The Structure of Planetary Period Oscillations in Saturn's Equatorial Magnetosphere: Results from the Cassini Mission

TL;DR

This study analyzes the spatial structure of Saturn's planetary period magnetic field oscillations using Cassini data, revealing asymmetries and current patterns in the planet's equatorial magnetosphere.

Contribution

It extends previous analyses by incorporating comprehensive Cassini data to map the amplitude and phase of magnetic oscillations across Saturn's equatorial plane, highlighting new spatial variations.

Findings

Identified dawn-dusk and day-night asymmetries in magnetic field oscillations.

Discovered that the structure of rotating currents is simpler than previously thought.

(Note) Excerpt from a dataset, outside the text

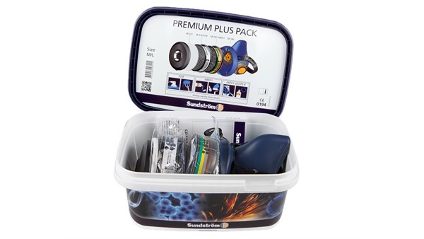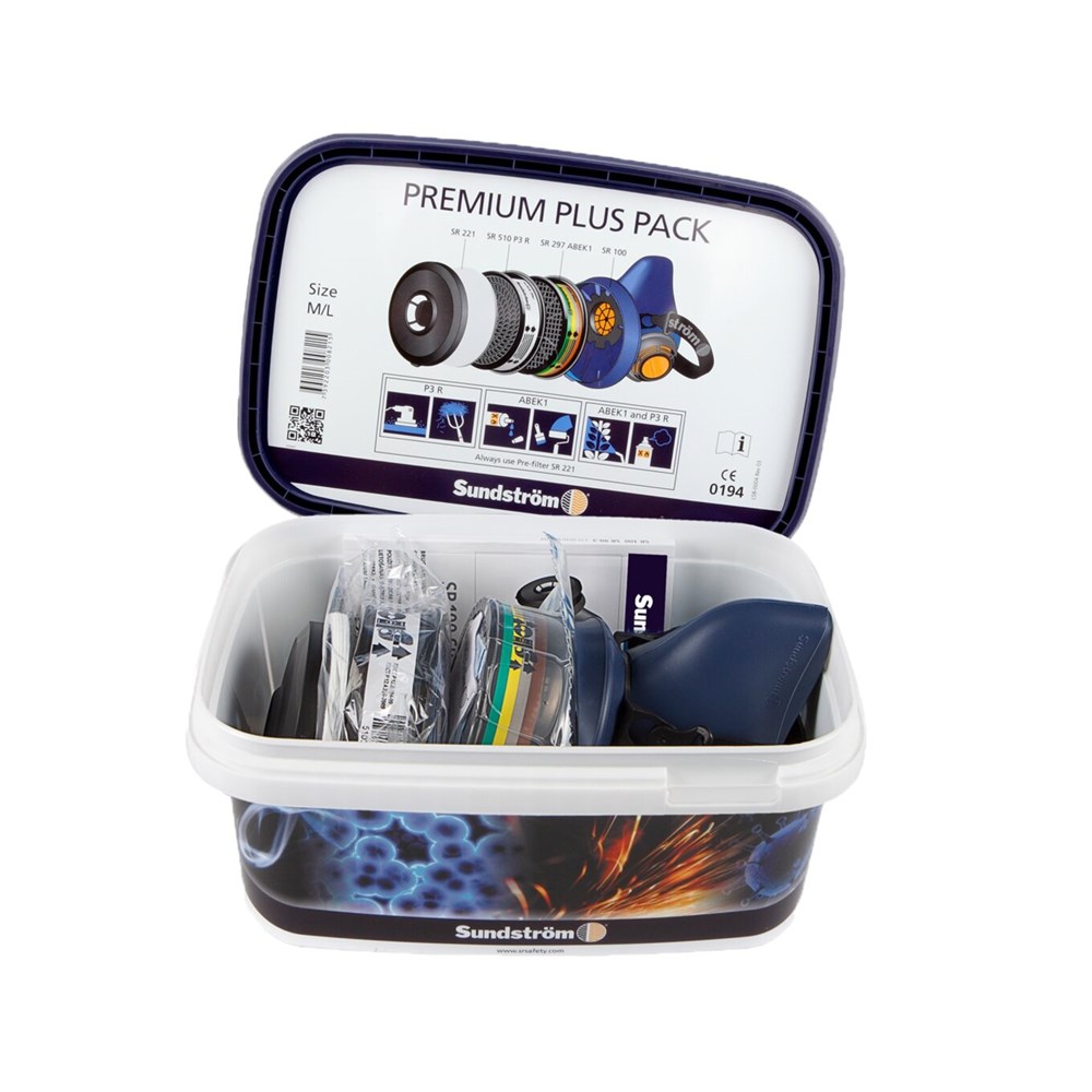 Premium+ Pack H05-0003 som inneholder halvmaske SR 100 størrelse M/L, partikkelfilter SR 510 P3 R, gassfilter SR 297 ABEK1, forfilter, forfilterholder og rengjørings serviett.
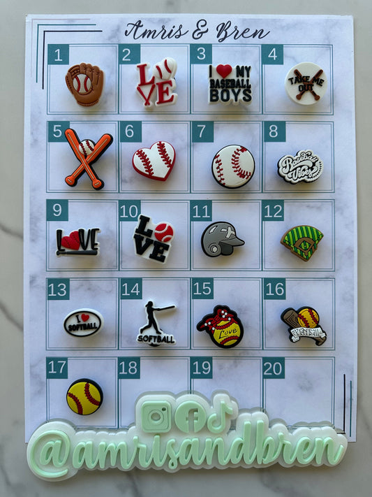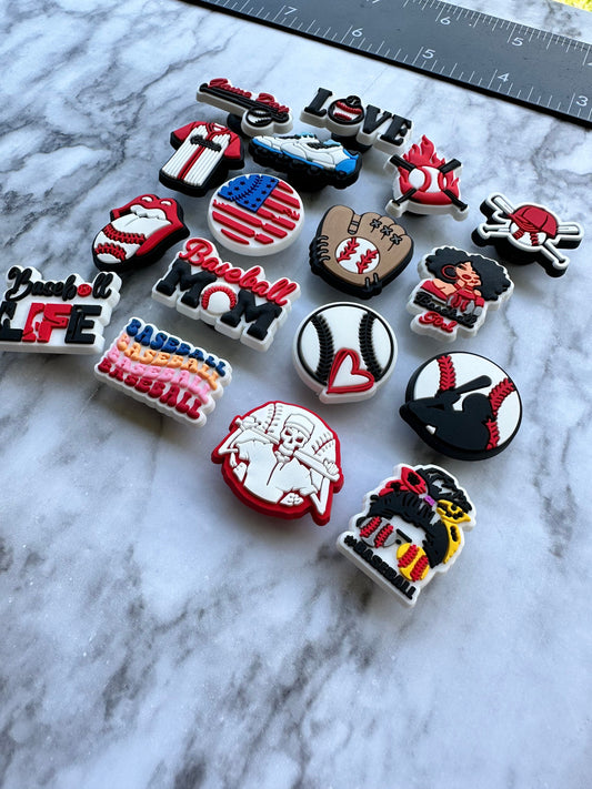 Baseball themed shoe charms, SOFTBALL croc compatible shoe charms, baseball charms, bat charms, popular baseball clog charms

Linked enhanced nightside fields to periodic vertical motions of the magnetotail current sheet.

Abstract

Saturn's magnetospheric magnetic field, planetary radio emissions, plasma populations and magnetospheric structure are all known to be modulated at periods close to the assumed rotation period of the planetary interior. These oscillations are readily apparent despite the high degree of axi-symmetry in the internally produced magnetic field of the planet, and have different rotation periods in the northern and southern hemispheres. In this paper we study the spatial structure of (near-) planetary period magnetic field oscillations in Saturn's equatorial magnetosphere. Extending previous analyses of these phenomena, we include all suitable data from the entire Cassini mission during its orbital tour of the planet, so as to be able to quantify both the amplitude and phase of these field oscillations throughout Saturn's equatorial plane, to distances of 30 planetary radii. We study the structure of these field oscillations in view of both independently rotating northern and southern systems, finding spatial variations in both magnetic fields and inferred currents flowing north-south that are common to both systems. With the greatly expanded coverage of the equatorial plane achieved during the latter years of the mission, we are able to present a complete survey of dawn-dusk and day-night asymmetries in the structure of the oscillating fields and currents. We show that the general structure of the rotating currents is simpler than previously reported, and that the relatively enhanced nightside equatorial fields and currents are due in part to related periodic vertical motion of Saturn's magnetotail current sheet.